Guess they are still looking for a stopper for a gallon?

----------


## Gi812Many

^^^LMAO Dpyle......Papa-q wait till you hit their Tren , christ....Been a minute since I was on the Tren, and damn just hit me like a brick wall. Started back at 600mgs/weekly and was just to much. I cut back to 400mgs/weekly and feel great. 600mgs just made me feel like shit.

----------


## Rwy

> Oh just thought I would post this new pic of the new jug, Glock they changed their labels....


Wow I have never seen that before. How many ml is in there?

----------


## Gi812Many

100mL's  :7up:

----------


## snowblowjoe

Just ordered my test prop tren ace and 100ml oral winny.
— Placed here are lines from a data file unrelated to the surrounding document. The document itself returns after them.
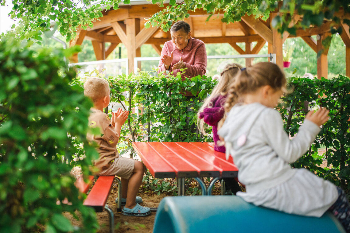 Die pädagogischen Fachkräfte gehen einfühlsam und individuell auf die verschiedenen Bedürfnisse und Entwicklungsstände der betreuten Kinder ein. Der Fokus liegt auf dem Gesundheitskonzept nach Sebastian Kneipp, teiloffenen Strukturen und der Erziehung zu Selbstständigkeit und Gemeinschaftsfähigkeit. In unserem Haus wird Teilhabe gelebt, miteinander neue und alte Lieder gesungen und viel gelacht. Das großzügige Außengelände lädt zum Entdecken und Forschen ein, Erfahrungen in der Natur werden gesammelt und dabei das eigene Können erprobt. Selbst angebautes Obst, Gemüse und Heilkräuter werden mit den Kindern verarbeitet und auf der einladenden Terrasse gemeinsam vernascht.
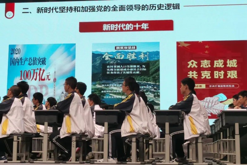第二节课,溧阳中学陈昕老师的教学内容是《坚持和加强党的全面领导》。课堂按照“为什么、如何做”的逻辑结构展开,通过班级各小组展示研学成果,引导学生逐步探寻出百年大党成功执政的奥秘,随后通过展示十四五规划编制过程,帮助学生理解党的领导是中国特色社会主义制度的最大优势,增强高中生对中国共产党的情感认同。
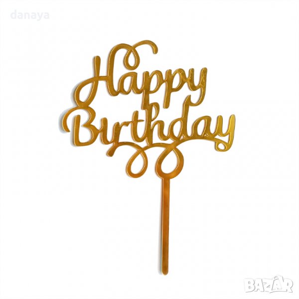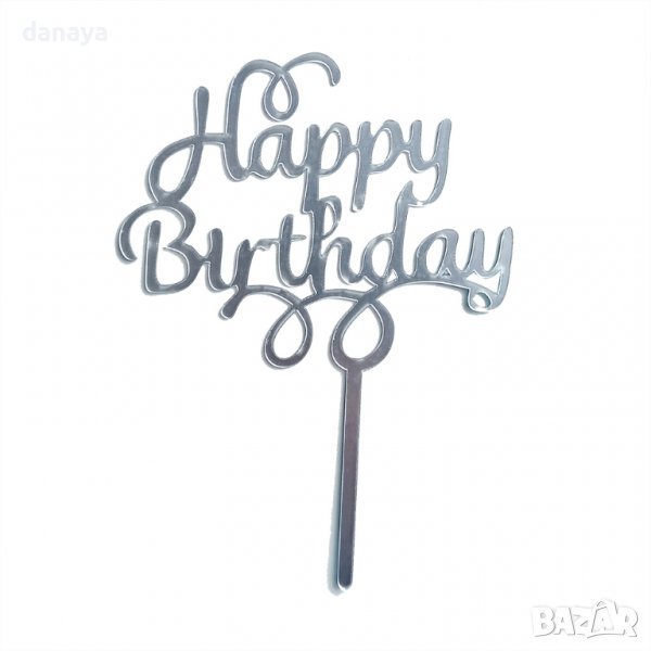Стилен топер за торта с надпис Happy Birthday. Топерът е сребърен или златист. Изключително ефектен завършек на торти за рожден ден.
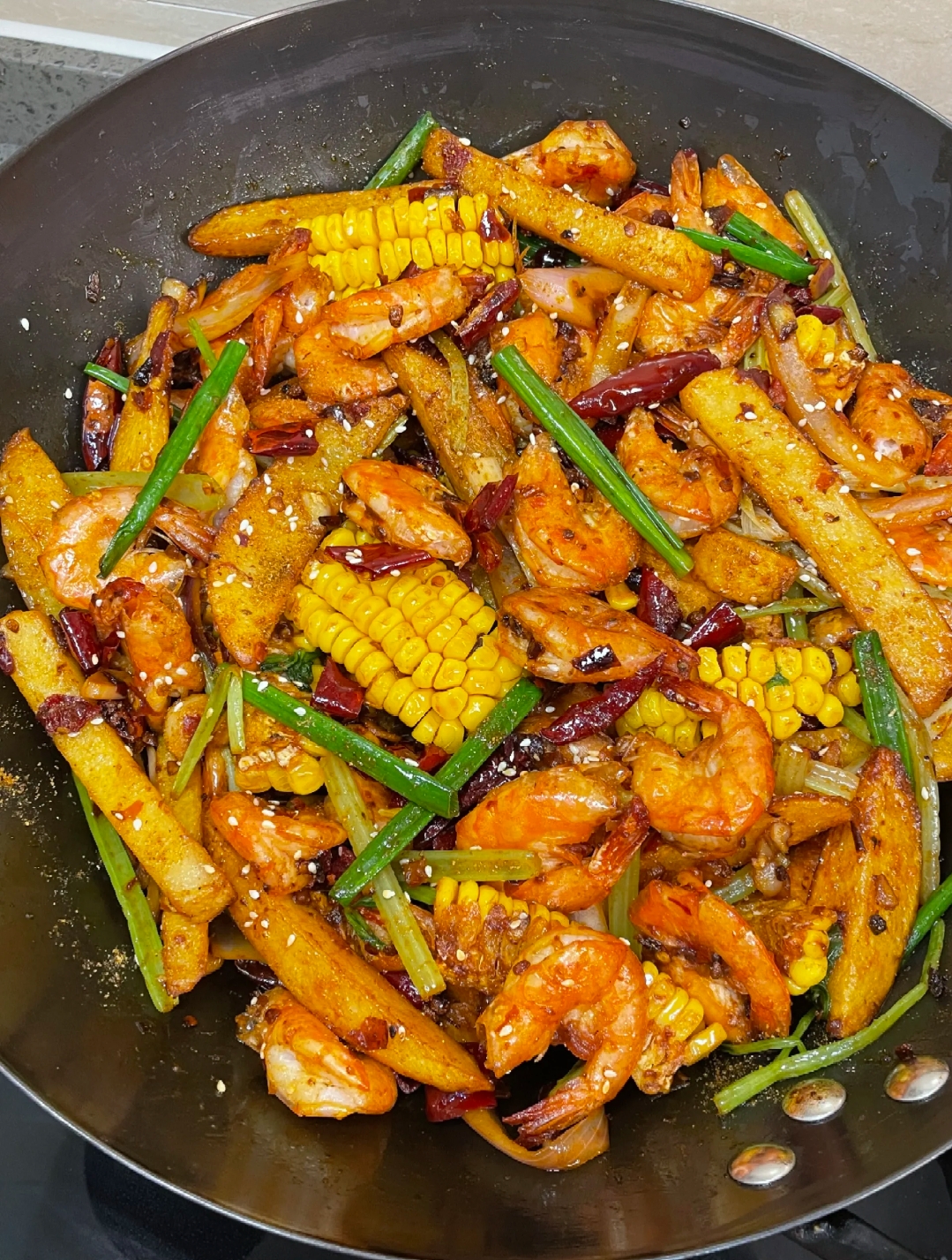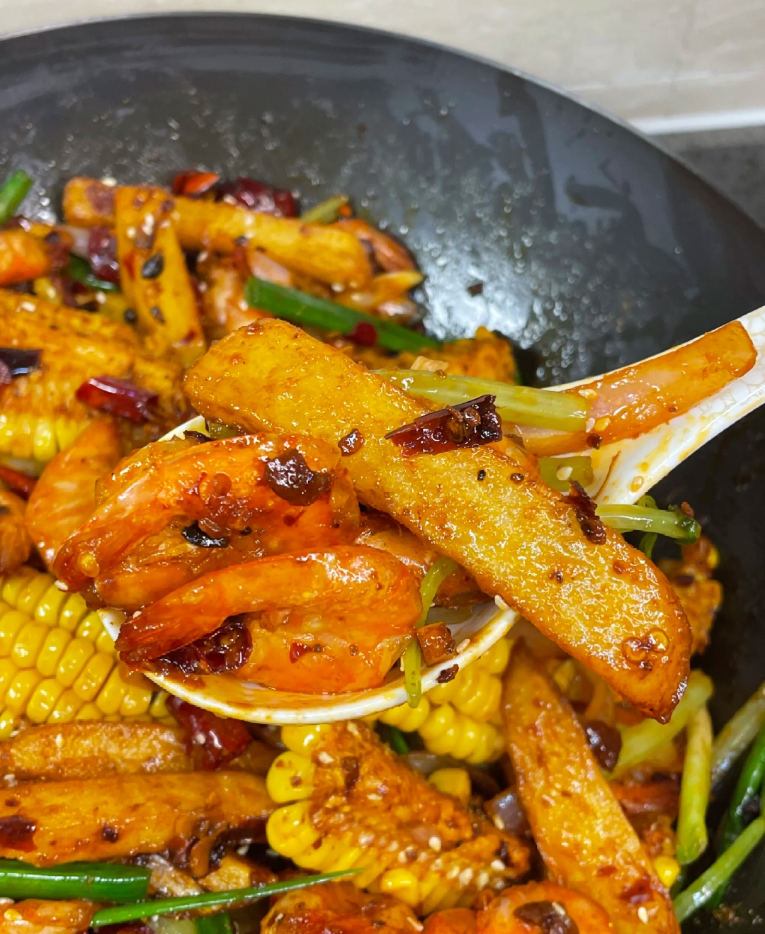 香辣干锅虾是一道让人垂涎欲滴的美食,金黄酥脆的虾肉搭配外酥里嫩的土豆条,再配上香辣过瘾的调料,每一口都让人欲罢不能。这道菜色香味俱全,不仅美味下饭,制作过程也充满乐趣。下面我们就来详细介绍这道香辣干锅虾的制作方法,让你在家也能轻松做出餐厅级的味道。
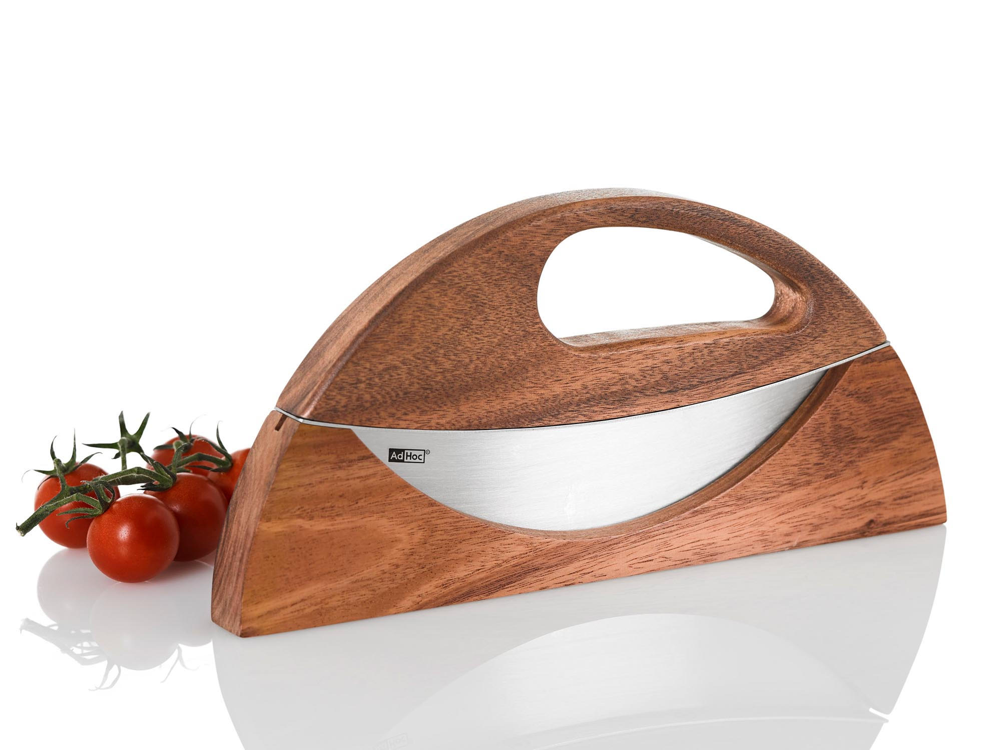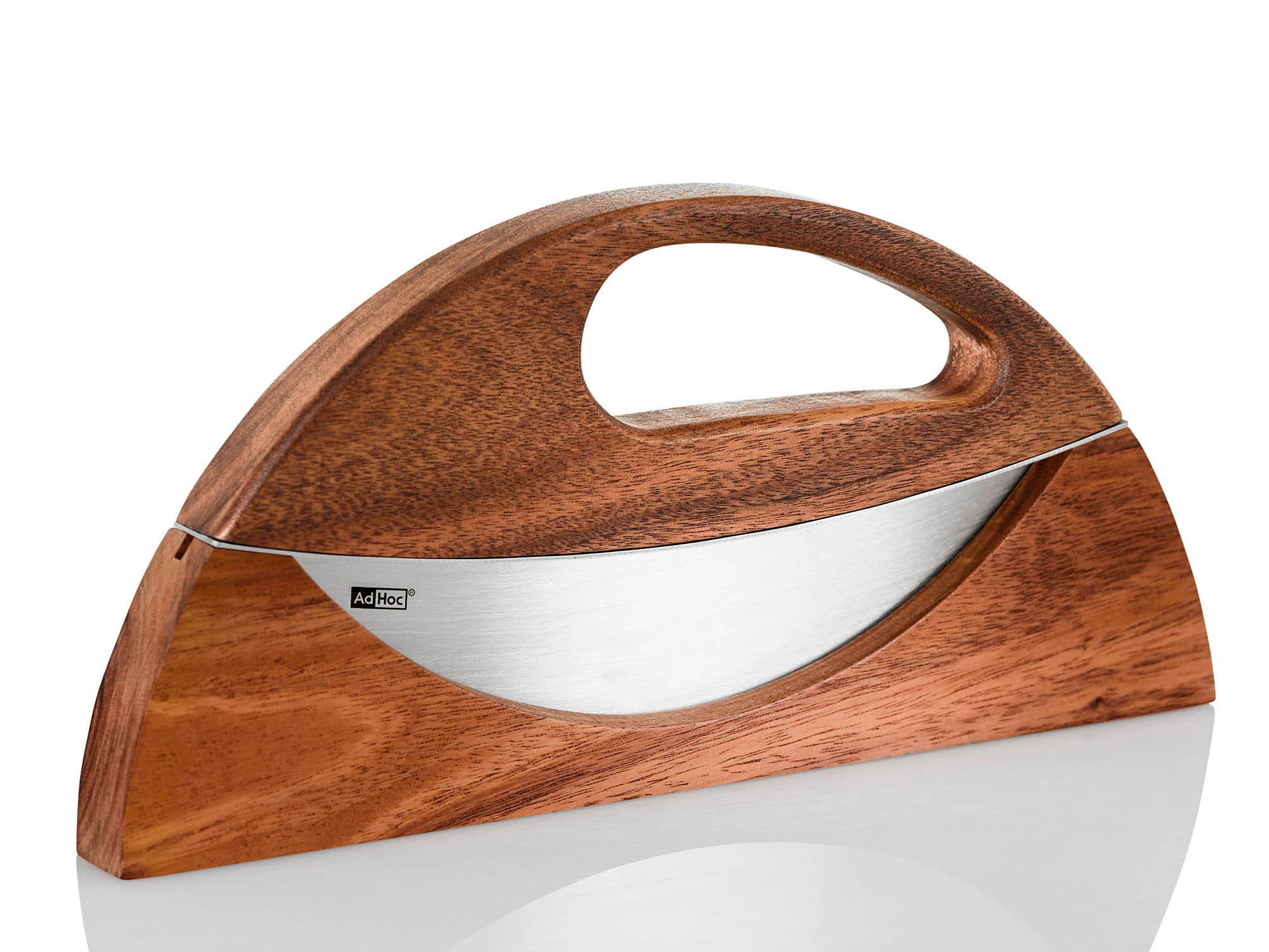 Stworzony do siekania ziół, krojenia pizzy i nie tylko! Wygodny i prosty w użyciu dzięki dopasowanemu do dłoni uchwytowi. W zestawie znajduje się podstawka do przechowywania. Nie należy myć w zmywarce. Produkt został zaprojektowany przez Gabriele Kaltenbach. Materiał: drewno akacjowe, stal nierdzewna. Wymiary noża: długość – 19,8cm, szerokość – 2,2cm, wysokość – 10,2cm. Wymiary z podstawą: długość – 23,2cm, szerokość – 2,2cm, wysokość – 10,9cm.

Like I said my last cycle I'm going out with a bang baby

----------


## Gi812Many

Sweeeeeeetttttt.........Bro their winny and tren are the shit. Im on virtually the same thing now except Enanthates on the Test and Tren.

----------


## snowman

> Here is a picture of my little stash....


You are using the same pictures on another website..the only thing that changes is your name "tooreal11" even you avatar picture is the same...do you actually have any product ? if you do, i think you are trying to promote this product....

----------


## Gi812Many

^^^^^You did disappear on us Glock???

----------


## snowblowjoe

Just want to say that shit I have gone from this lab is ridiculously good. He never does this but he's even replacing 1 of my bottles of tren do to my mistake and my **** up. So he gained a lawyer customer for life that's the only lab values from now on and it's the highest quality. And I've had Kalpa, endurrex, SCIROXX, sarcoplex, dragon Pharma, etc. 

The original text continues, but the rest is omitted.